=== Directions for this task ===
Omit all pictures and transcribe only the lines in the entries below that run from the line with "Spatzen dagegen nehmen" through the line with "此外,關於Indy 500的特徵還有陶瓷錶圈上測速儀的字樣,以及6點鐘位置小錶盤的Indy 500".

=== The data ===
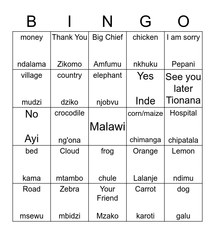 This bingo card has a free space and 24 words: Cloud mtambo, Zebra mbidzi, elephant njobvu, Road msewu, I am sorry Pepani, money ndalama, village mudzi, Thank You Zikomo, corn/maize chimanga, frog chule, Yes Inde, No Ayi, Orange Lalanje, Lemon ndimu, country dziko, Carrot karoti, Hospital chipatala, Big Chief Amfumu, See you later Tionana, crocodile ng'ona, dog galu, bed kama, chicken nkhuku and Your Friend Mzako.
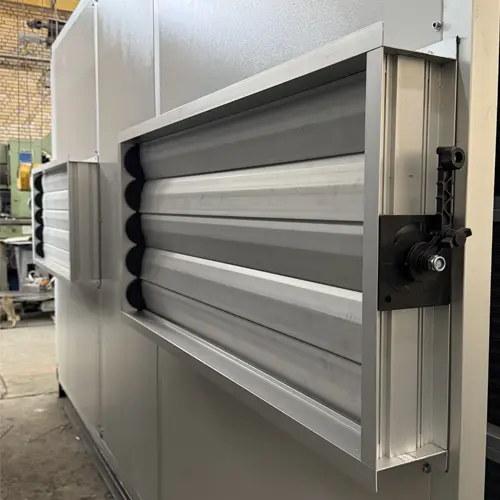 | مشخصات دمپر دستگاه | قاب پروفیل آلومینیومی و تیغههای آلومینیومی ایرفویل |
* * *
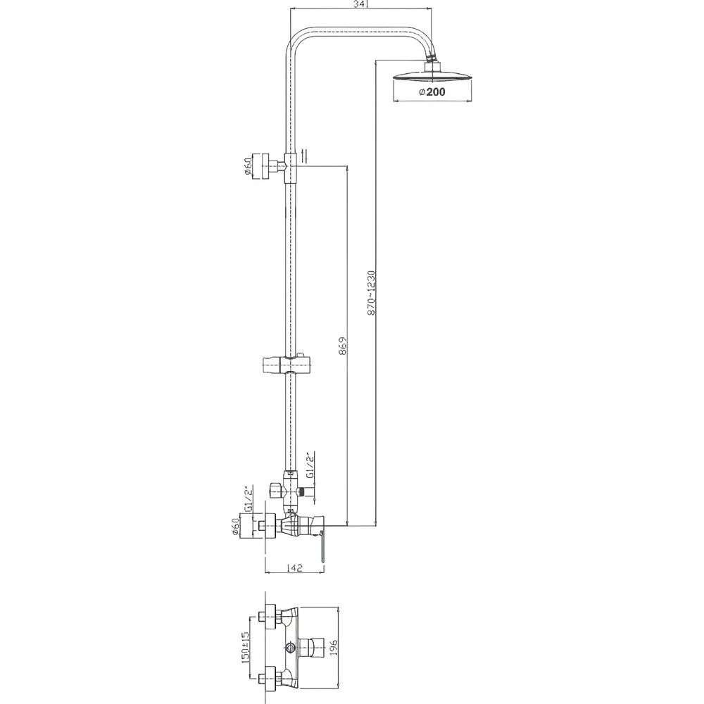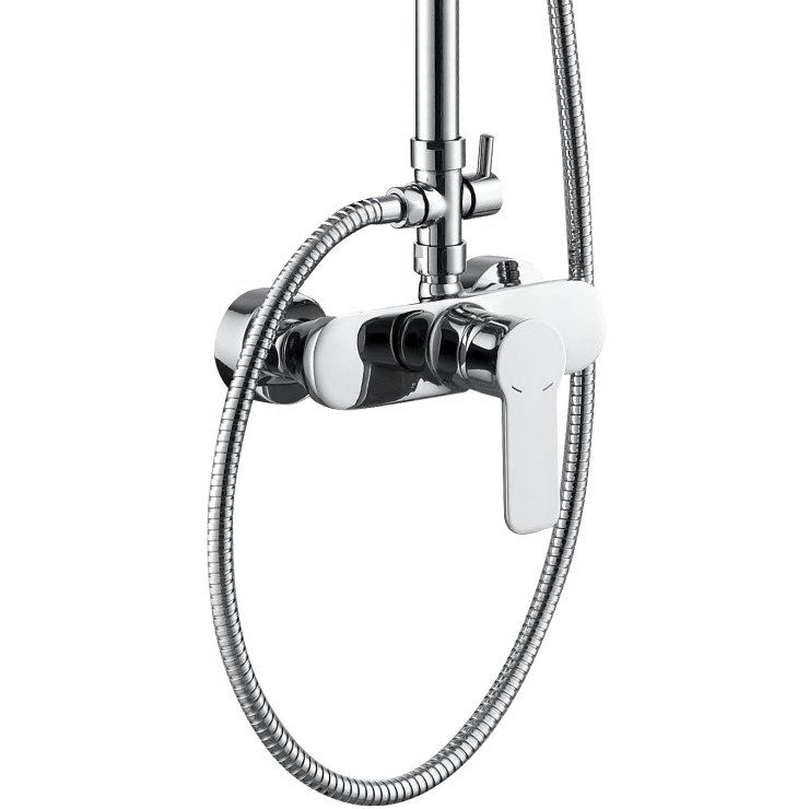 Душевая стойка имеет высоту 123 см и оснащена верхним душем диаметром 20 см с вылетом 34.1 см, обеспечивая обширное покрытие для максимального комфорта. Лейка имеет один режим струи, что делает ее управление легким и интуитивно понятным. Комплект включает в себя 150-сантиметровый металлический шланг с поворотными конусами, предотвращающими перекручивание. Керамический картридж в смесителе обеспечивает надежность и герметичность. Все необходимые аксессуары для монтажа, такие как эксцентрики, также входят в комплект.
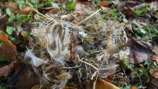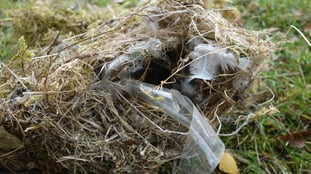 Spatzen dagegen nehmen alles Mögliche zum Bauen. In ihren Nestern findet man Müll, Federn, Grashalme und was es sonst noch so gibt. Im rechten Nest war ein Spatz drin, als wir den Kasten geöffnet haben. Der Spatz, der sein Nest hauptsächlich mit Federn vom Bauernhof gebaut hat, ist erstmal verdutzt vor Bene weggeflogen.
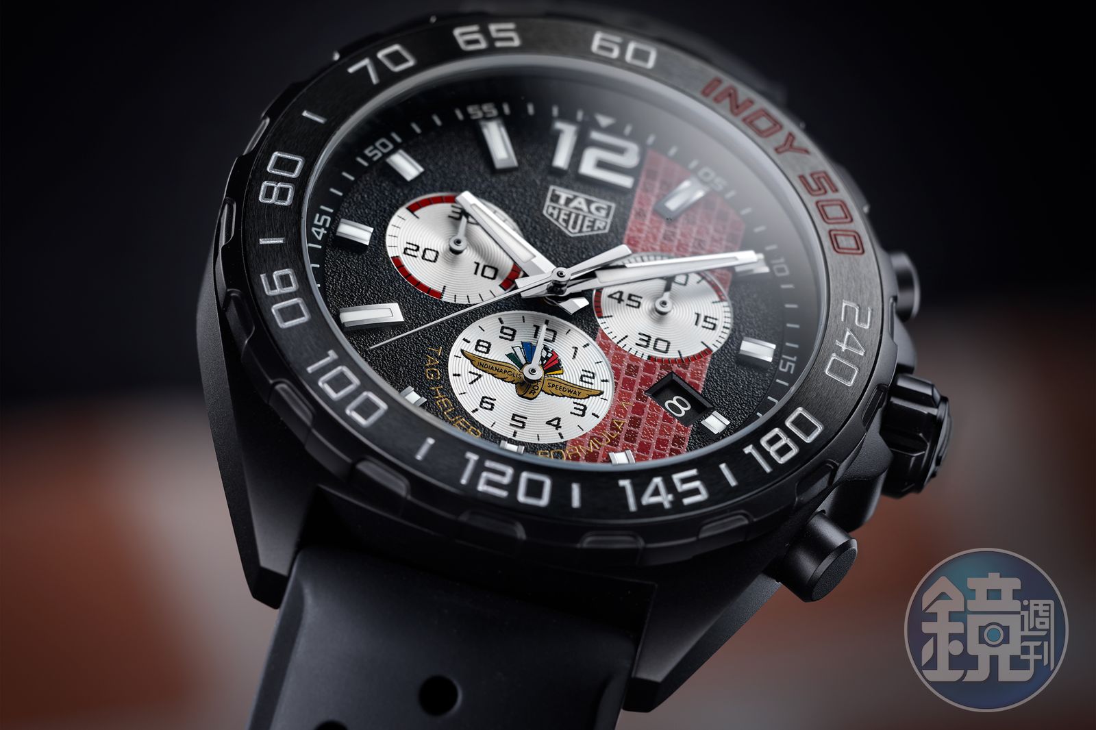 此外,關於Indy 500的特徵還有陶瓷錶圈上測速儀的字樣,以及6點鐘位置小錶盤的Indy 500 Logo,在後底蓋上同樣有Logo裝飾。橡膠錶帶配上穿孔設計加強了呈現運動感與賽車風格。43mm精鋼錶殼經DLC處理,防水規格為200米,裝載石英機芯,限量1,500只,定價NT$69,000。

=== Answer space ===
 Spatzen dagegen nehmen alles Mögliche zum Bauen. In ihren Nestern findet man Müll, Federn, Grashalme und was es sonst noch so gibt. Im rechten Nest war ein Spatz drin, als wir den Kasten geöffnet haben. Der Spatz, der sein Nest hauptsächlich mit Federn vom Bauernhof gebaut hat, ist erstmal verdutzt vor Bene weggeflogen.
 此外,關於Indy 500的特徵還有陶瓷錶圈上測速儀的字樣,以及6點鐘位置小錶盤的Indy 500 Logo,在後底蓋上同樣有Logo裝飾。橡膠錶帶配上穿孔設計加強了呈現運動感與賽車風格。43mm精鋼錶殼經DLC處理,防水規格為200米,裝載石英機芯,限量1,500只,定價NT$69,000。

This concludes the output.